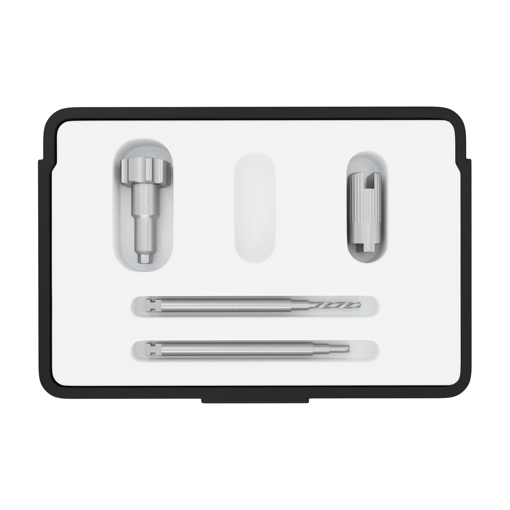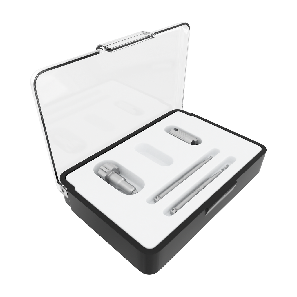 The kit also includes supporting devices such as a centering device for stabilizing the drill during the procedure and a manual extractor.
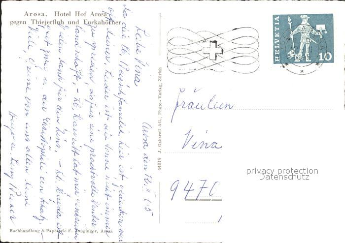 11632765 alte Postkarte Arosa GR Hotel Hof Arosa mit Furkahoerner postalisch gelaufen KatCode: 11470100345296
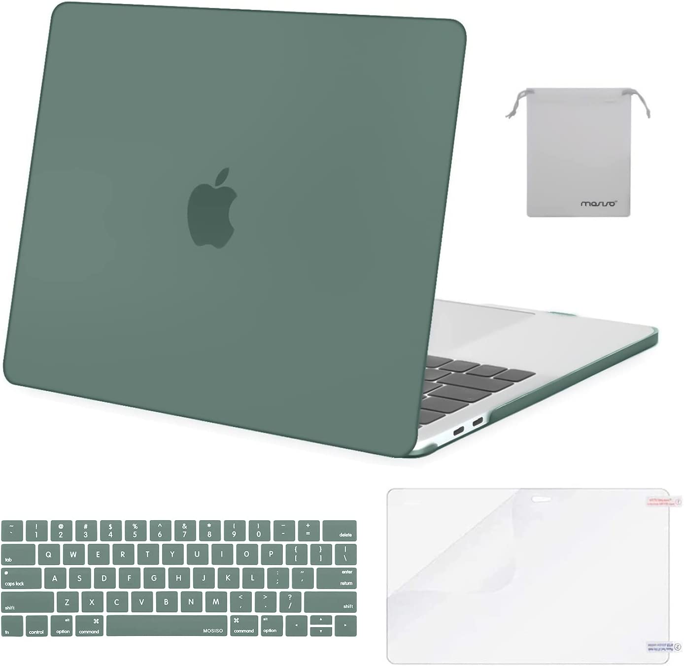 MOSISO Compatible with MacBook Pro 13 inch Case M2 2023, 2022, 2021-2016 A2338 M1 A2251 A2289 A2159 A1989 A1708 A1706, Plastic Hard Shell&Keyboard Cover&Screen Protector&Storage Bag, Midnight Green
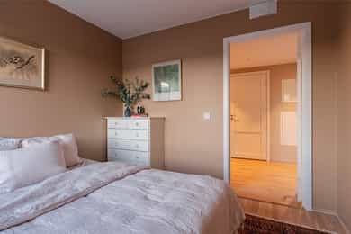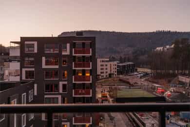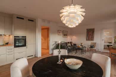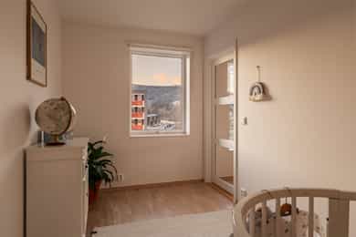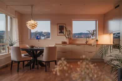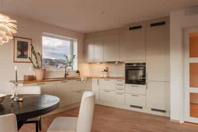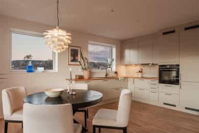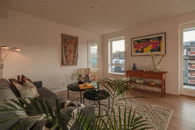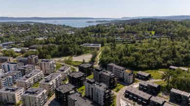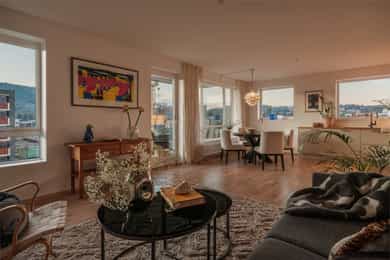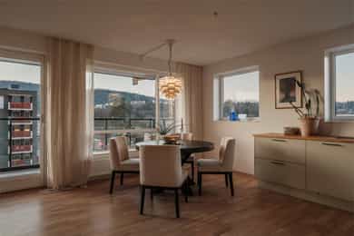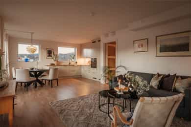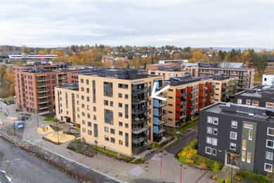 I barnevennlige og etterspurte omgivelser ligger det nå en lekker 4-roms hjørneleilighet og venter på nye eiere. Vestre Billingstad er idyllen der alt ligger til rette for «easy living», med god plass, heis direkte fra garasjen, standard fra 2022 med vannbåren varme og gjenværende garantitid. Utenfor døren venter grønne skogsturer langs Neselva, og en liten sykkeltur unna lokker fjorden. Kollektivtilbudet er prima både via buss og tog. Leiligheten ligger høyt på hjørnet av bygget i sjette etasje, med luftig stue, åpent kjøkken fra Marbodal og utgang til vestvendt balkong. Videre er det en hovedsuite med eget bad, to ytterligere soverom, et bad/wc/vaskerom og en pen entré med garderobe. Lagringsplass og garasjeplass med lader finnes i felles kjeller.

• TASK DESCRIPTION: Could you write out exactly the lines of the data above that run from the one holding "11632765 alte Postkarte" to the one holding "MOSISO Compatible with", with both ends in and all pictures out?

• ANSWER SPACE:
 11632765 alte Postkarte Arosa GR Hotel Hof Arosa mit Furkahoerner postalisch gelaufen KatCode: 11470100345296
 MOSISO Compatible with MacBook Pro 13 inch Case M2 2023, 2022, 2021-2016 A2338 M1 A2251 A2289 A2159 A1989 A1708 A1706, Plastic Hard Shell&Keyboard Cover&Screen Protector&Storage Bag, Midnight Green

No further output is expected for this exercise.